GNOME Bugzilla – Bug 735515
Tracker failed to extract mp3 information
Last modified: 2015-07-05 10:39:00 UTC
See file in attachement, tracker fail to extract informations. gnumdk@arch:~$ tracker-info ~/Musique/Collection/Punk\ Francais/Bolchoi/Bolchoi/04\ -\ Fier.mp3|grep title 'http://purl.org/dc/elements/1.1/title' = '䙩敲' 'nie:title' = '䙩敲'
Here mp3 file: https://drive.google.com/file/d/0B3oeICmTBtl7RmVaaUFZeE42Tkk/edit?usp=sharing
Thanks for the bug report, and providing the file :). This is not a failure to extract tags, but a mishap in the encoding detection in those. In short, ID3 tags supposedly support 4 encodings: ISO-8859-1, UTF-16, UTF-16BE and UTF-8. However, the first of all has been traditionally abused, storing other 8-bit encodings, which we attempt to read correctly. In order to do so, we concatenate all strings together and drop it to libicu encoding detection, and then use the given encoding on all "ISO-8859-1" tags. This specific file has valid ISO-8859-1 tags though, although the 'ï' in the album title misleads libicu into thinking this is "UTF-16BE" (??), so string conversion goes all kinds of wrong. I checked however that libicu is able to return the confidence on the result (which we're not using), and it's extremely low on this string, just 10%. If we propagate and check on that value, we might fallback to the default encoding. I'm pushing a patch doing so, it makes the text on this file to be extracted correctly.

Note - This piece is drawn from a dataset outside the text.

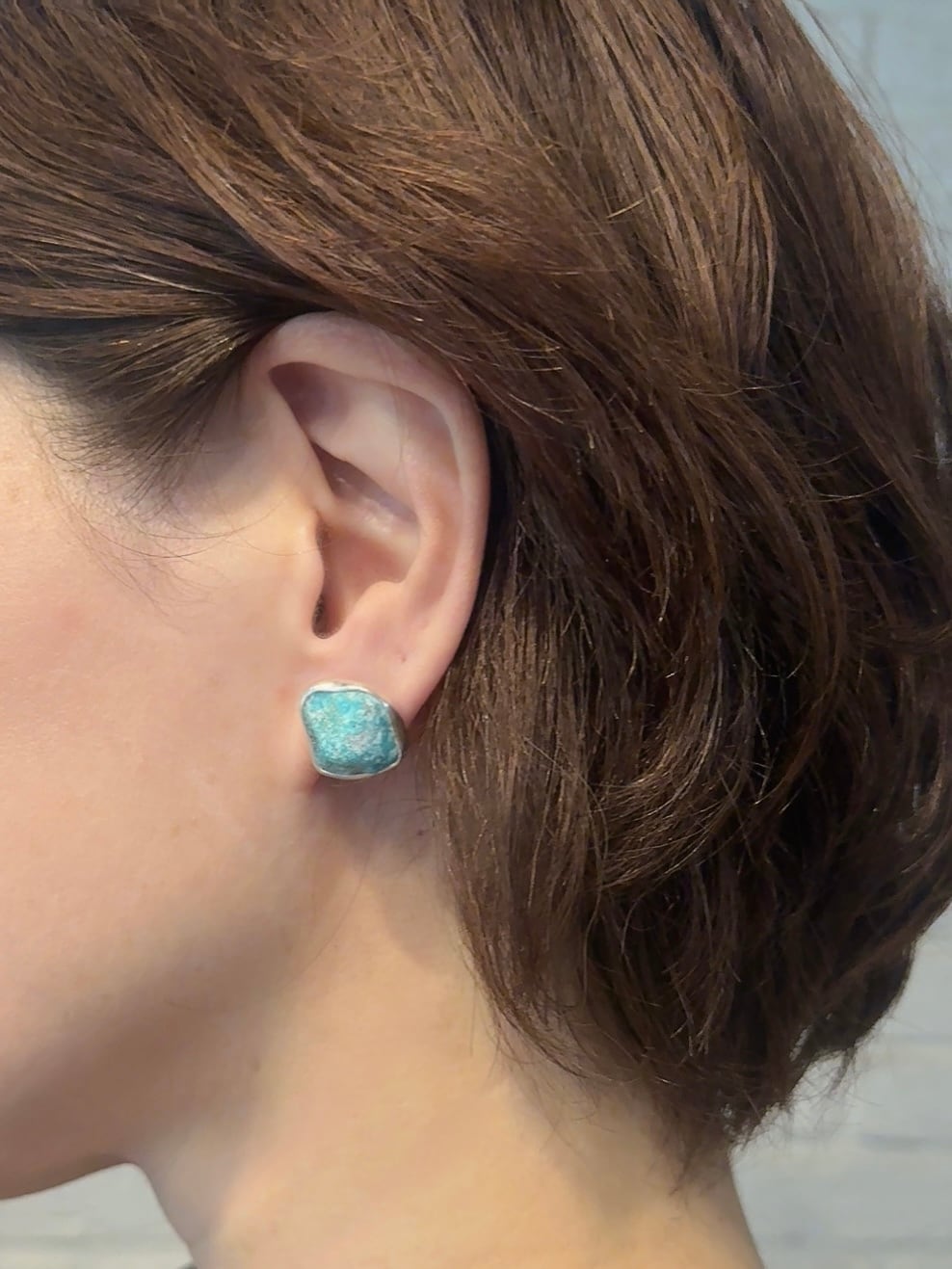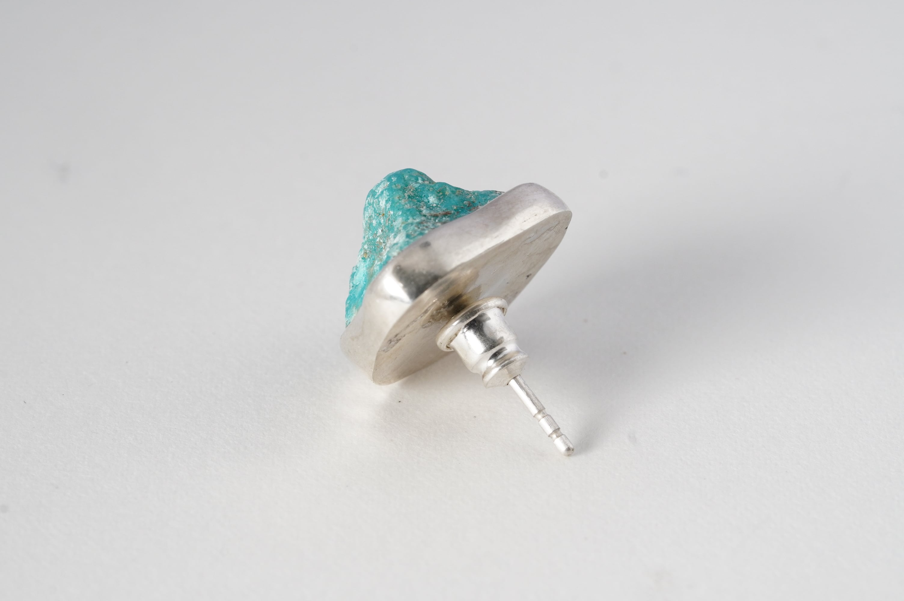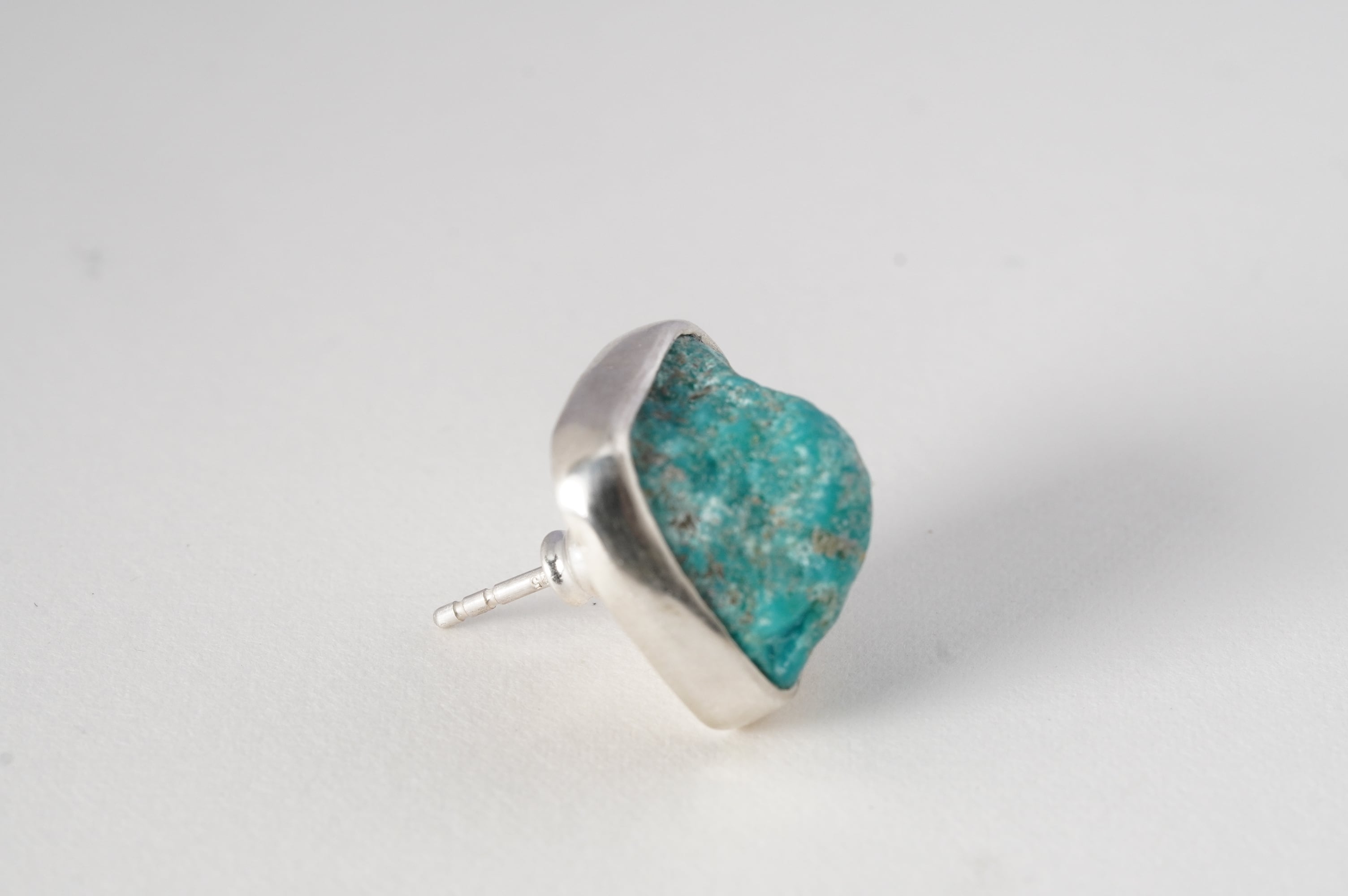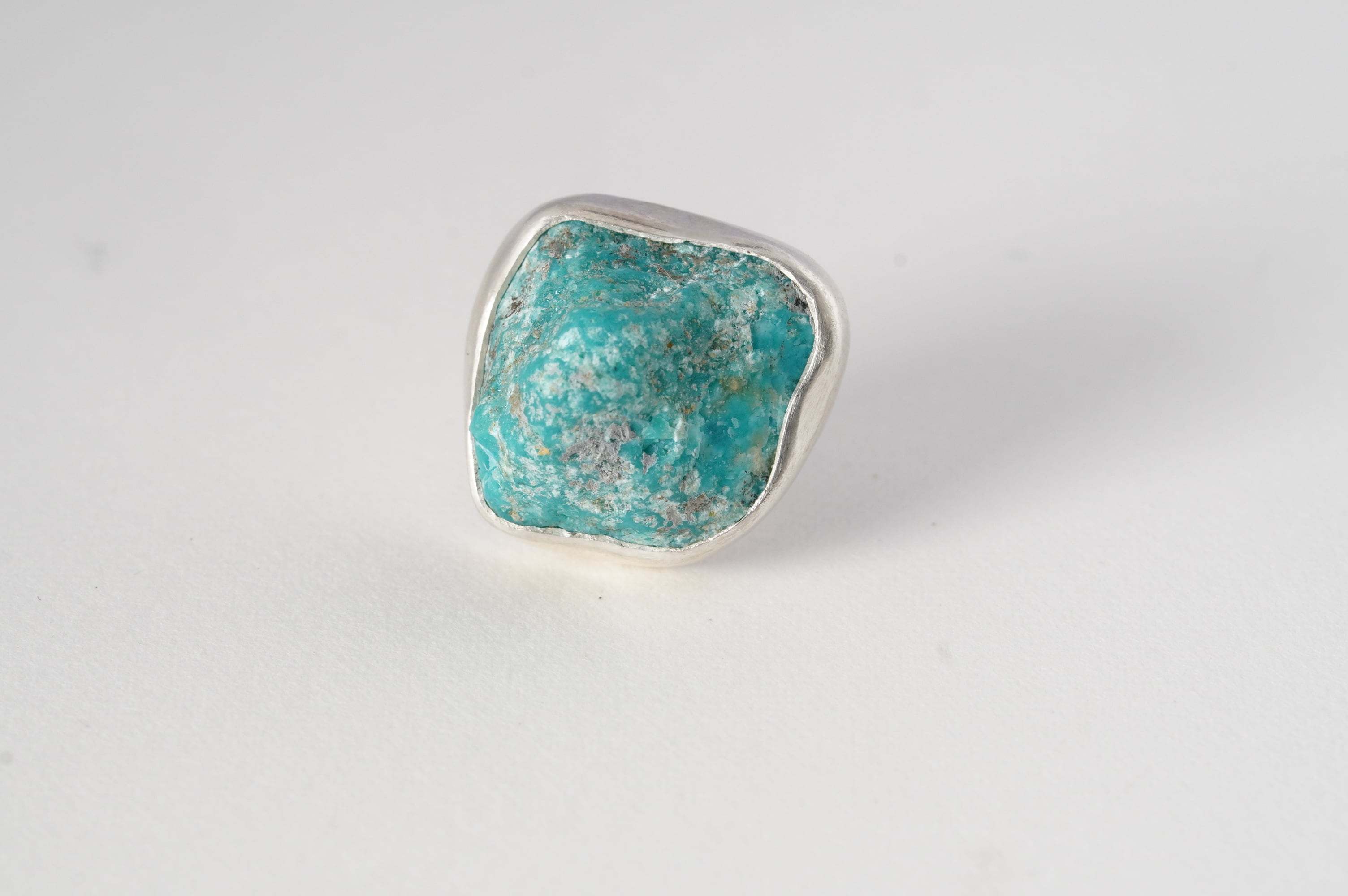 やや大ぶりなkingman turquoiseの原石そのままを、純銀でぐるりと囲み補強しました。

The following fix has been pushed: ede17cc extract-mp3: Bail out on encoding detection if confidence is too low
Created attachment 306850 [details] [review] extract-mp3: Bail out on encoding detection if confidence is too low Libicu encoding detection is able to tell the confidence it got on the detection, we should be using that in case the confidence is too low, as that means the returned encoding is probably bogus, and we have an encoding to fallback on. This fixes detection on the file reported on bug #735515, where a couple of 'ï' chars (valid ISO-8859-1) make libicu detect UTF-16BE, although with an extremely low confidence.